That focus continued straight through high school—she was a National Merit Scholar and received an honorable mention on USA Today’s All-USA High School Academic Team—and at MIT, where she majored in biology and had a perfect 5.0 grade-point average. After graduating in 1997, she set off for Oxford, England, on a Rhodes scholarship, to pursue research on human genetic resistance to malaria.
At the time, the main way scientists studied natural selection in human beings was by developing theories to explain the presence of a specific version of a gene in a population. This method dated back to the 1940s, when the British geneticist and evolutionary biologist J.B.S. Haldane speculated that the reason red blood cell disorders, such as sickle cell anemia, were more common in tropical environments where malaria was endemic was that the gene causing those disorders also conferred some protection against malaria—the “malaria hypothesis.” Beginning in the 1980s, researchers began developing more sophisticated tests to identify “signatures” of natural selection, but these were blunt tools that had difficulty detecting evolutionary changes that had occurred in the past 10,000 years—precisely when many diseases that ravage humans arose.
Sabeti was convinced that there was a way to pinpoint when more recent changes in the human genome had occurred and that this knowledge could lead to breakthroughs in fighting disease. Specifically, she wanted to use the makeup of neighborhoods of genes (called haplotypes) to determine if a specific gene variation (called an allele) in a given neighborhood had recently come to prominence in a population because it conferred an evolutionary advantage. This should be possible, she thought, by using the never-ending process of genetic recombination—the breaking and rejoining of DNA strands—as a kind of clock to measure how long ago a given mutation had swept through a population. If a widespread mutation had appeared recently—for instance, the mutation that enabled adult human beings to digest the lactose in cow’s milk, a nutritional advantage for many people in Europe after cows became common there—fewer recombination events would have occurred since it was introduced. As a result, the mutated version of that allele should be on a stretch of DNA that was more or less identical for everyone in a population. If the mutation had appeared a longer time ago, recombination would dictate that the area around the mutated allele would have gone through more random recombination events and it would be on a stretch of DNA that was more varied across the population.
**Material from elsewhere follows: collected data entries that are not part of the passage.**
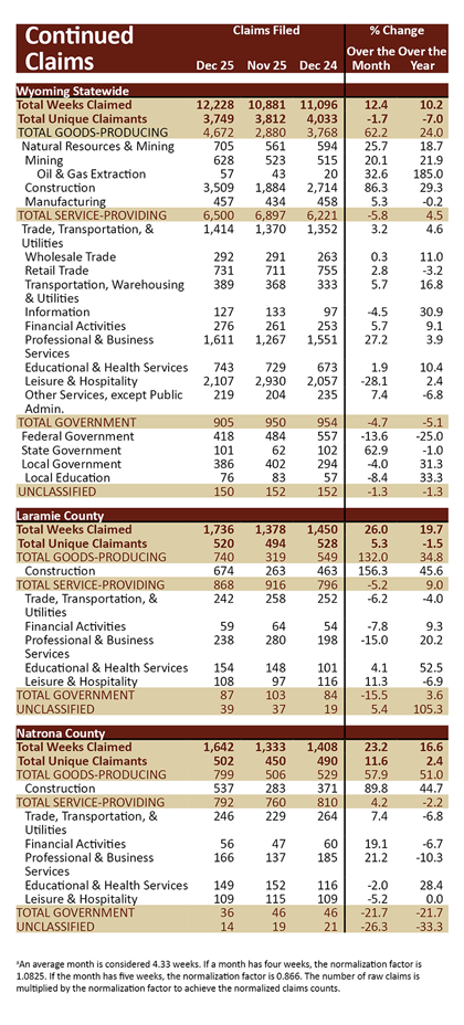 The total number of continued weeks claimed increased from 11,096 in December 2024 to 12,228 in December 2025 (1,132, or 10.2%). Note: the full Unemployment Insurance claims report for December 2025 is available by clicking here.
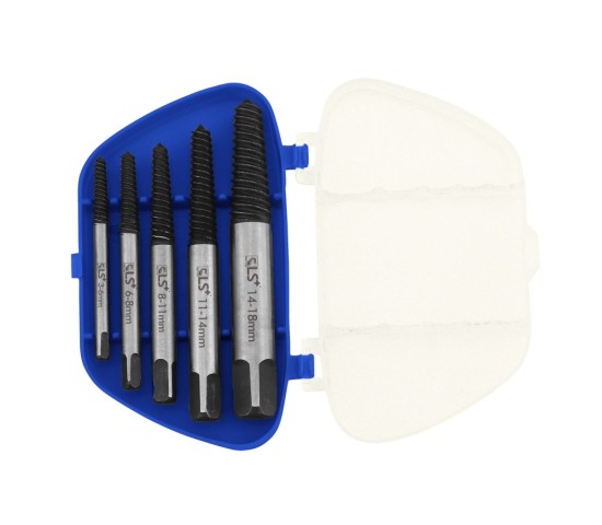 Điểm nhấn của Bộ mở ốc gãy 5pcs LS+ nằm ở thiết kế ren ngược thông minh với các kích thước : 3-6mm; 6-8mm; 8-11mm; 11-14mm; 14-18mm. Với cơ chế ăn vào vật liệu khi xoay ngược chiều kim đồng hồ, bộ dụng cụ này có khả năng bám chặt vào phần ốc bị gãy, tạo lực kéo mạnh mẽ để rút ốc ra một cách dễ dàng. Cấu trúc ren xoắn được tối ưu hóa để phù hợp với nhiều kích cỡ ốc khác nhau, mang lại sự linh hoạt và tiện lợi tối đa.
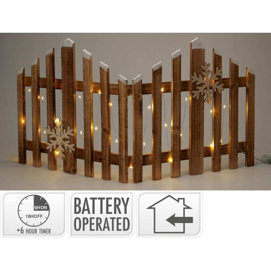 dekorácia plot, 30 LED, materiál drevo, rozmery 76x2x38 cm, s časovačom 6 hodín zapnuté, 18 hodín vypnuté, 2xAA batérie ( nie sú zahrnuté), na vnútorné použitie
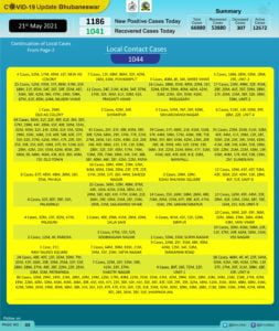 Bhubaneswar: COVID-19 cases in the state capital went up to 66,880 on Friday after 1,186 new cases were reported in the last 24 hours.
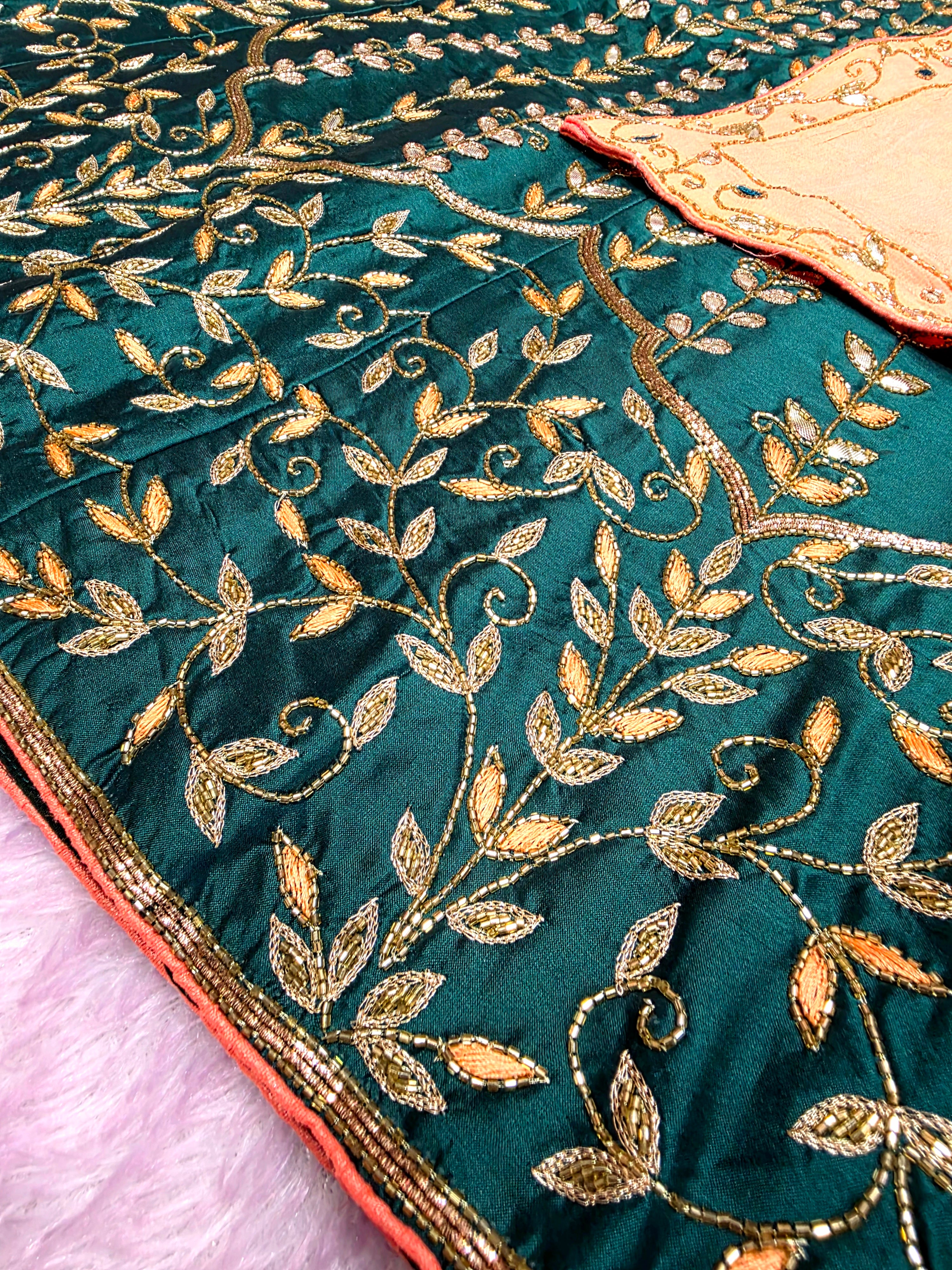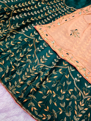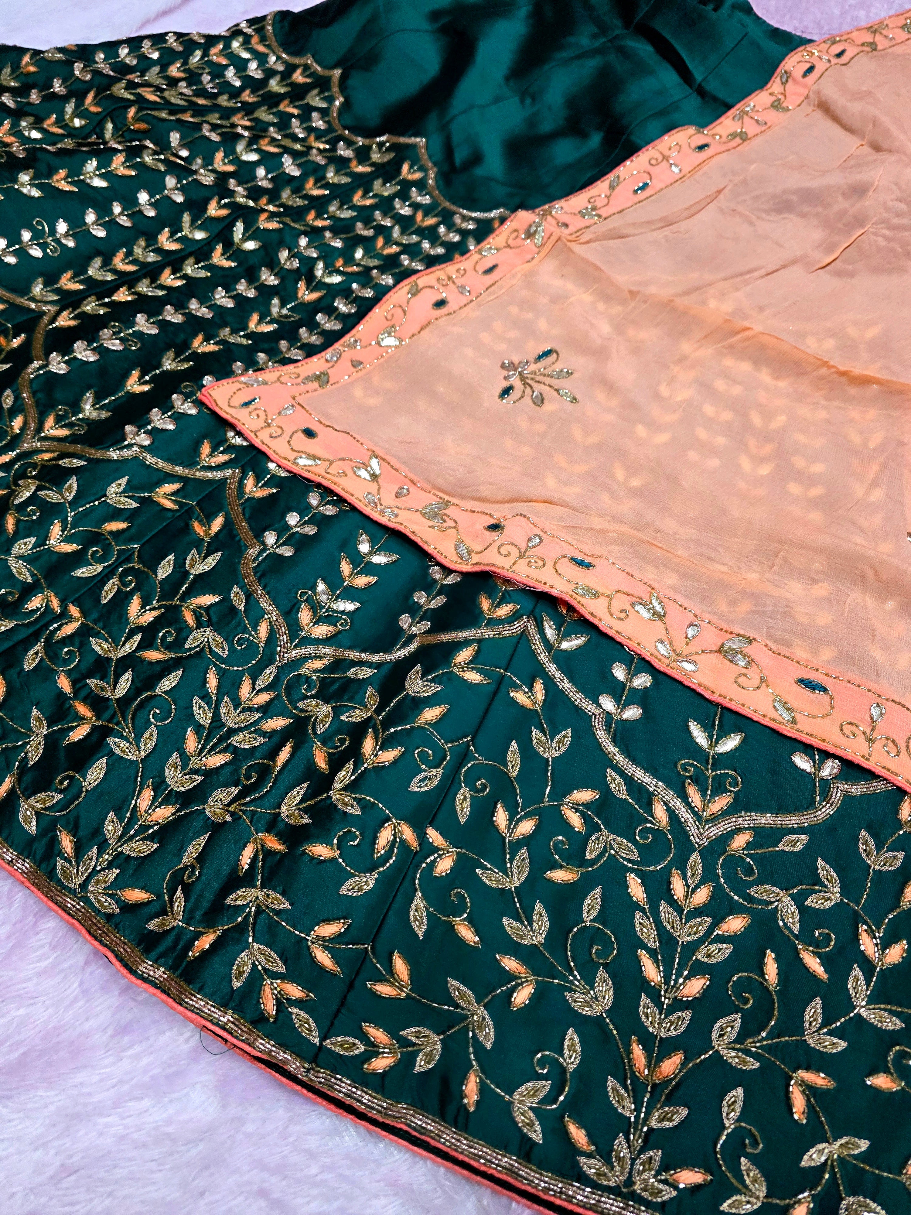 Make a grand style statement with this Silk unstitched Lehenga, beautifully designed with Hand cutdana work. It comes with a heavy cutdana work blouse and an elegant 2.5 mtr Soft Chinon Silk dupatta, perfect for weddings and festive occasions.
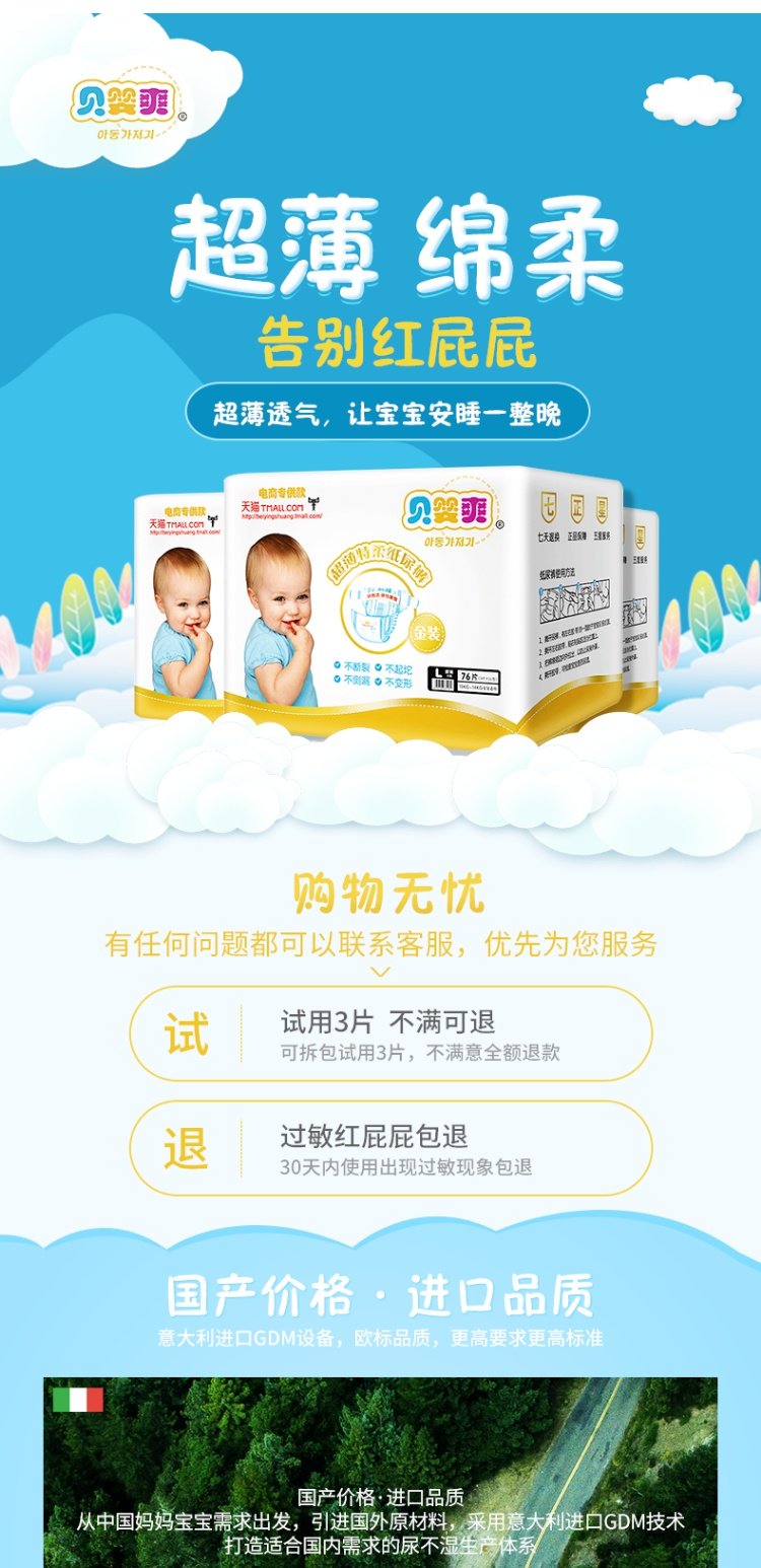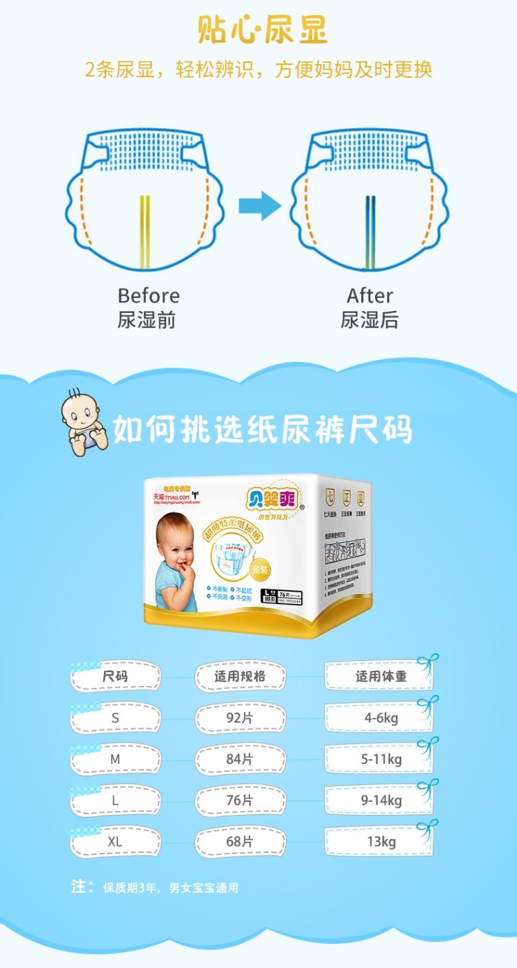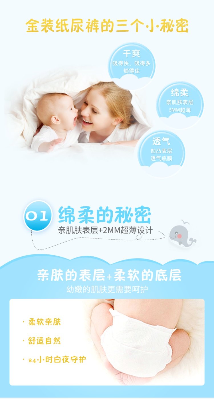【SMLXL四码任选】贝婴爽金装超薄透气婴儿纸尿裤,舒适亲肤,轻薄透气,超强吸收,超柔软给予宝宝轻柔呵护!防侧漏保护,真正做到始终干爽如一,远离红屁屁【赠运费险-红屁屁包退】

It was a radical approach: Instead of using existing tools to analyze new data, she was trying to develop new tools to use on available data. When she was at Oxford, “Everybody thought what I was trying to look for was dumb,” Sabeti says. “It seemed as if I was just going to go nowhere. I know everyone has a hard time at some point when they’re in graduate school, but I was on the higher end of the hard time early on in my PhD.”
Nevertheless, Sabeti returned to Boston to attend Harvard Medical School and kept at it, taking “a series of little steps,” she says. “I was just charting my path in my own weird ways.” Then, early one morning, she plugged a large data set related to the DC40L gene, which she’d already linked to malaria resistance, into an algorithm she’d developed and watched results showing it was associated with a common haplotype—indicating it had recently been selected for—come into focus on her computer screen.
“I was just sort of beside myself with excitement,” she says. “It’s a really exciting moment when you know something about the whole world that no one else does. I wanted to call somebody, but didn’t know anybody I felt comfortable calling at 3 a.m.”
There’d be plenty of people eager to talk to Sabeti before long. That October, she was the lead author on a paper published in Nature that laid out her discovery’s “profound implications for the study of human history and for medicine.” For the first time, researchers could look for evidence of positive selection by testing common haplotypes even if they didn’t have “prior knowledge of a specific variant or selective advantage.” By applying this approach to pathogens, there was the possibility of identifying how diseases had evolved to outwit the human immune response or develop drug resistance—knowledge that would open up new avenues to combating disease.
All of a sudden, the previously unknown 26-year-old was a superstar. David Hafler, a Yale neurologist and immunobiologist who has worked with Sabeti, compares her approach to that of a preternaturally gifted athlete, the hockey great Wayne Gretzky. “He was asked, ‘Why are you always where the action is?’ And he responded, ‘I don’t skate to where the puck is, I skate to where the puck is going to be.’ That’s the reason she’s able to make all of these fundamental contributions.”